I have split my database across several MySQL instances for better performance. Sometimes I need to fetch data from different database shards at the same time instead of running queries one after another.
What’s the best approach to execute multiple MySQL queries simultaneously in PHP? I want to avoid waiting for each query to finish before starting the next one.
I found some tutorials about async cURL and using shell commands, but I’m wondering if there’s a cleaner solution built into PHP or MySQL extensions. Are there any native PHP functions or libraries that can handle concurrent database connections efficiently?
Here’s a simple example of what I’m trying to avoid:
$results = array();
$databases = ['shard_1', 'shard_2', 'shard_3'];
foreach($databases as $dbName) {
$connection = new PDO("mysql:host=localhost;dbname=$dbName", $username, $password);
$stmt = $connection->prepare("SELECT * FROM users WHERE active = 1");
$stmt->execute();
$results[$dbName] = $stmt->fetchAll();
}
This runs each query sequentially which takes too long when I have many shards.
I’ve dealt with this same issue in distributed setups. ReactPHP with their MySQL connector works great here - you can spin up multiple non-blocking connections and run queries concurrently without the process management headache. Another option that’s worked well for me: MySQLi with async queries using mysqli_poll(). Just start your queries with the MYSQLI_ASYNC flag, then poll for results as they finish. Keeps everything in native PHP, no extra dependencies. For production, definitely check out ProxySQL for connection pooling. It handles concurrent connections across shards way better. Bottom line - avoid blocking operations and use PHP’s multi-socket capabilities.
Gearman’s worth a look if you’re already running distributed stuff. I queue each shard query as a separate job, then workers hit them all at once across different processes or servers. You get real parallel execution plus job management and error handling baked in. Your PHP script dumps all the jobs at once and grabs results as they finish. Takes some setup but scales like crazy when you add more shards. We dropped from 12 seconds to 3 seconds with barely any code changes. Workers keep persistent DB connections too, so no connection overhead per request. Great option when you want reliability without wrestling with async connections.
Use a message queue like RabbitMQ or Redis to pool connections. PHP pushes query jobs to different queues (one per shard), then workers grab jobs and run them against their databases. Workers dump results into shared cache or another queue that your main PHP process checks for completion. Best part? If one shard dies, the rest keep running. Failed queries get retried without killing everything else. Takes work to set up initially, but adding new shards is just spinning up another worker. We’re running 20+ shards like this with sub-second response times.
if your php setup supports it, check out the pthreads extension. you can create worker threads for each shard, running in true parallel. it’s kinda tricky to set up tho, and not all hosts allow thread-safe php. for an easier route, curl_multi handles are great - set up mysql api endpoints and fire them off together.
These solutions work, but you’re overcomplicating things. I deal with this exact problem daily in our distributed systems.
Running parallel queries isn’t the real challenge. You need something that manages connections, handles failures, and processes results as they arrive. What about joining data from different shards or transforming it before it hits your frontend?
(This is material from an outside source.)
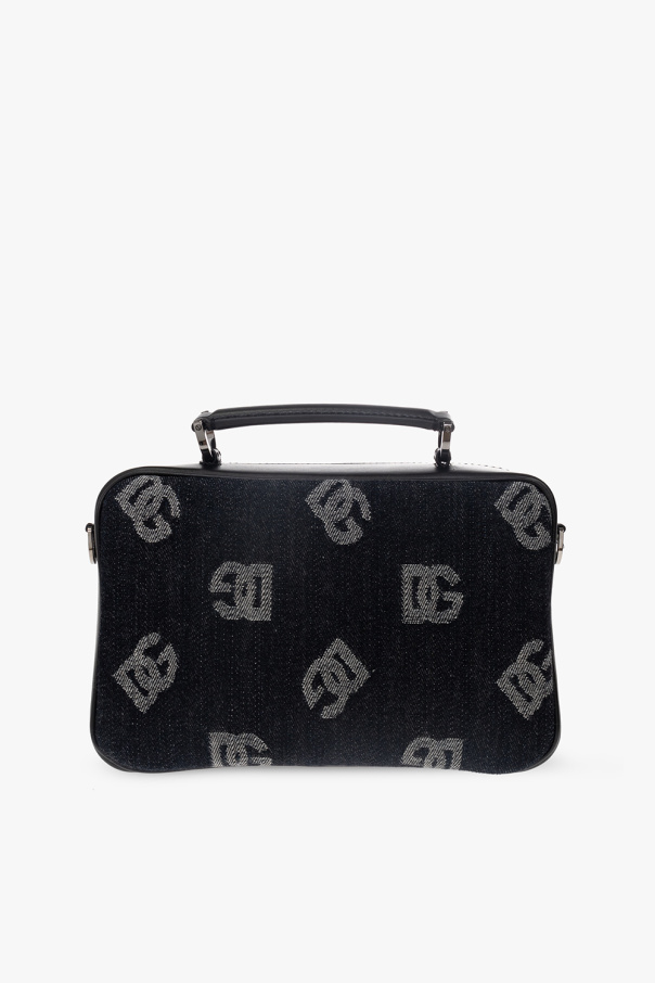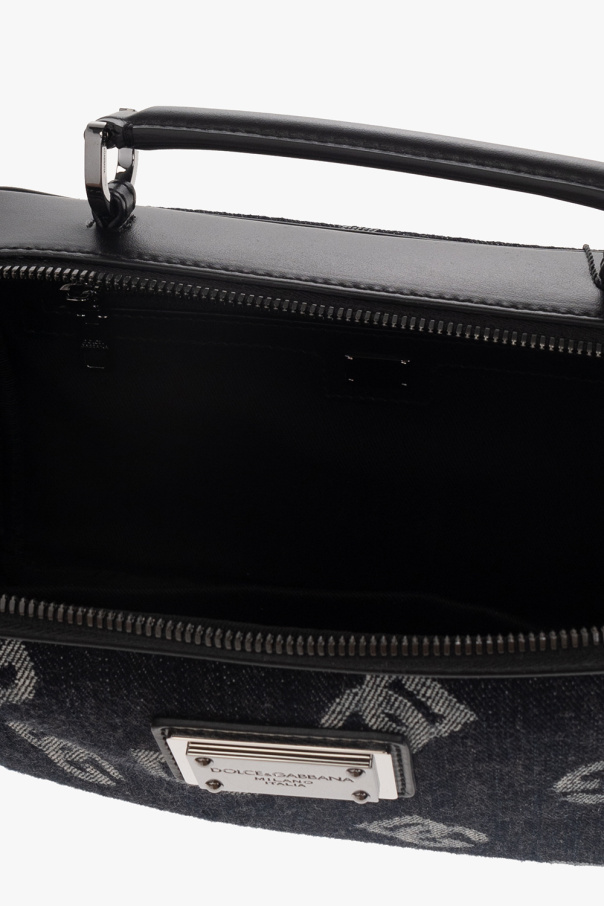 Navy blue and black shoulder bag from Dolce & Gabbana. Rendered in denim and trimmed with calf leather, this design fastens with a zipper and showcases a jacquard monogram pattern. It is complete with a logo-engraved plaque in silver-tone, a top handle, a detachable and adjustable shoulder strap, silver-tone metal elements and one internal compartment with one slip pocket and one zip pocket.

Workflow automation solves this. Skip the async connection management and polling in PHP. Set up a workflow that hits all shards at once, waits for responses, and combines the data however you want.
The workflow handles parallel execution, errors, and data processing. Your PHP triggers it and gets clean results back. Much cleaner than spawning processes or juggling coroutines.
I built this for a client last month with 12 database shards. Dropped from 8-second sequential queries to under 2 seconds, with automatic retries and result caching.
Latenode makes this dead simple. Build the whole parallel query workflow visually and trigger it from any PHP app: https://latenode.com
swoole’s your best bet here. it handles async mysql connections natively and runs multiple queries simultaneously without blocking. way cleaner than shell commands or curl hacks. just spin up coroutines for each shard connection - they’ll run concurrently. scales great with large datasets too.
Been running sharded MySQL for years. Best approach I’ve found: use pcntl_fork() to spawn child processes for each shard query. Each child gets its own DB connection, runs independently, then passes results back via shared memory or temp files. Parent waits for all children with pcntl_waitpid(). Works great when you need real parallelism across multiple DB servers. Just watch out - some shared hosts disable pcntl functions, so check that first. Also keep an eye on MySQL connection limits since you’ll hit multiple servers at once. For lighter stuff, mysqli_poll() works fine, but heavy data processing across many shards? Process forking gives you actual concurrent execution.